Rotary celebrates World Interact Week
Members of the Interact Club of Chowringhee participant in festivities in West Bengal, India, during an annual six-day festival. Photo courtesy of Rajani Mukerji
During World Interact Week, 1-7 November, Interactors and Rotary club members worldwide commemorate the charter of the first Interact club in 1962. To mark this occasion, Interact clubs are encouraged to participate in joint projects with their sponsor clubs.
"This week is a time for [Rotary] club presidents, [Rotary International district] governors, and RI leadership to give priority to a program that has the power to enhance our public image and potentially improve our membership," says Rajani Mukerji, 2009-10 vice chair of RI's Interact Committee and member of the Rotary Club of Calcutta Mideast, West Bengal, India. "Interact is one of the starting points for someone's path to Rotary."
Mukerji, who has served as district Interact chair four times, says Interactors can contribute their time, even if they lack the ability to fund meaningful service projects.
"Their main strength and resource is giving their time to volunteer and aid in projects," he says. "It's the most valuable thing they bring to Rotary."
This year, Interact clubs and their sponsor Rotary clubs have a variety of ways to participate in World Interact Week. Clubs are encouraged to complete one, two, or even an entire week’s worth of activities. After the club completes their activities, the Rotary club or district Interact chair can fill out a Certificate of Recognition for presentation.
Download the Certificate of Recognition.
Mukerji says the Interact: Make a Difference DVD and the second annual Interact Video Contest are great ways to promote the program. "If these students are doing something good in the world, it's important we publicize it," he says.
Here are a few projects highlighting Interactors' commitment to service:
- The Rotaract Club of Chowringhee High School, West Bengal, India, organized events and projects during Durga Puja, an annual six-day festival that celebrates the Hindu goddess Durga.
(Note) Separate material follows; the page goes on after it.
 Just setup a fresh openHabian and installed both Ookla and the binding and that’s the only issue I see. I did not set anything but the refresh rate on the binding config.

While rituals are usually exclusively for those who practice Hinduism, club members invited Interactors of other religions to participate in their activities.
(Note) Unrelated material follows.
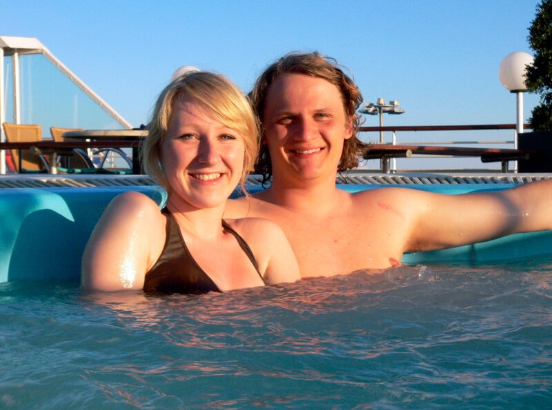 Natalia und Markus Buller beginnen ihre Hochzeitsreise im Whirlpool an Deck.

"What an experience Rotarians have gained by observing these Interactors of different faiths and backgrounds team-up to plan and execute these events," says Mukerji. "It's a great example of how people can break down the barriers and rise above differences to improve the lives of others."
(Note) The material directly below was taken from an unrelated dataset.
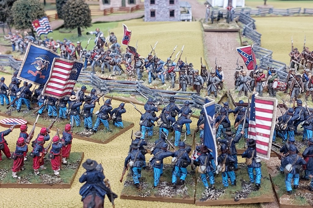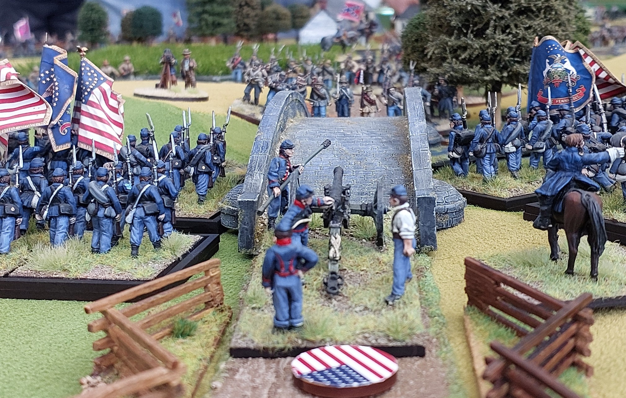 Over by the bridge Goldies troops advancing, Mikes Confederates in the field are retiring.

- Five Interact clubs in Guyana organized a book drive and donated them to a library center that gives books to underprivileged children. After dropping off the boxes of books, Interactors read to some of the children at the library.
- Members of the Interact Club of Pasto Valley de Atriz, Colombia, and their sponsor club created an ongoing project called Mejorando Vidas (Improving Lives). Interactors partner with local businesses to help improve the lives of disadvantaged seniors in the community by helping them meet some of their basic needs, such as food and clothing.